Ce regret vient précisément du fait que l'on reconnaît ne pas avoir été fidèle à Dieu et s'être égaré dans le péché. Souligner que la conversion s'inscrit ainsi dans une histoire, c'est faire référence à l'expérience de salut qu'a fait Augustin et cela

conduit à rappeler l'importance de la notion chrétienne de repentir.
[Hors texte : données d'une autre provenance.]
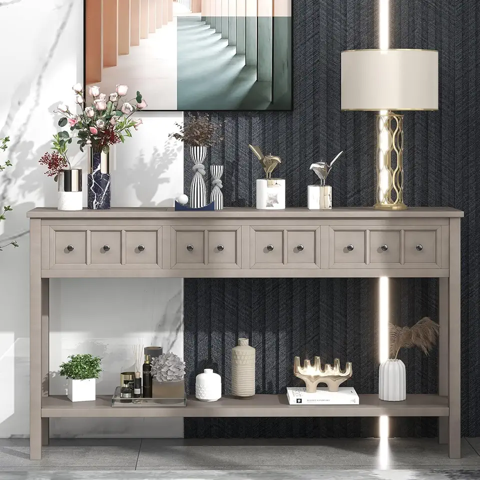 Rustic Console Table, 60in W x 34in H x 11in D, Gray Wash, 2 Drawers, Solid Wood, Multi-Function - Entryway, Living Room, Bedroom Table

En revenant sur son passé en l'interprétant à la lumière de la miséricorde de Dieu, l'homme peut prendre conscience de son péché et il se constitue ainsi comme un sujet qui assume son histoire. Lorsqu'Augustin parle du « salut du peuple » et de « la cité épouse », il fait référence à la cité de Dieu qui est la cité constituée par tous les hommes et les anges qui ont choisi de rester fidèles à Dieu et de vivre de sa vie. Ce n'est qu'à la fin des temps que nous pourrons connaître si nous en faisons partie, mais nous sommes invités à chaque instant de nos vies à choisir d'être fidèle en acceptant le secours de la grâce qui est représenté par le sacrifice du Christ, mais aussi par l'action de l'Esprit Saint qui, après la mort du Christ a été envoyé aux hommes. Toutefois, Augustin, après avoir évoqué ces promesses de bonheur, évoque ensuite « le calice de notre supplice » et rappelle que l'âme doit être « soumise à Dieu » car il importe de ne pas oublier qu'il nous faut s'abaisser avec le Christ et renoncer à mener orgueilleusement notre vie pour retrouver avec lui la vie éternelle. Le contenu des Epîtres de Paul est donc présenté comme la découverte d'un message de salut qui s'adresse à chacun et qui est porté par un authentique acte de contrition et marqué par l'espérance d'être uni à nouveau à Dieu.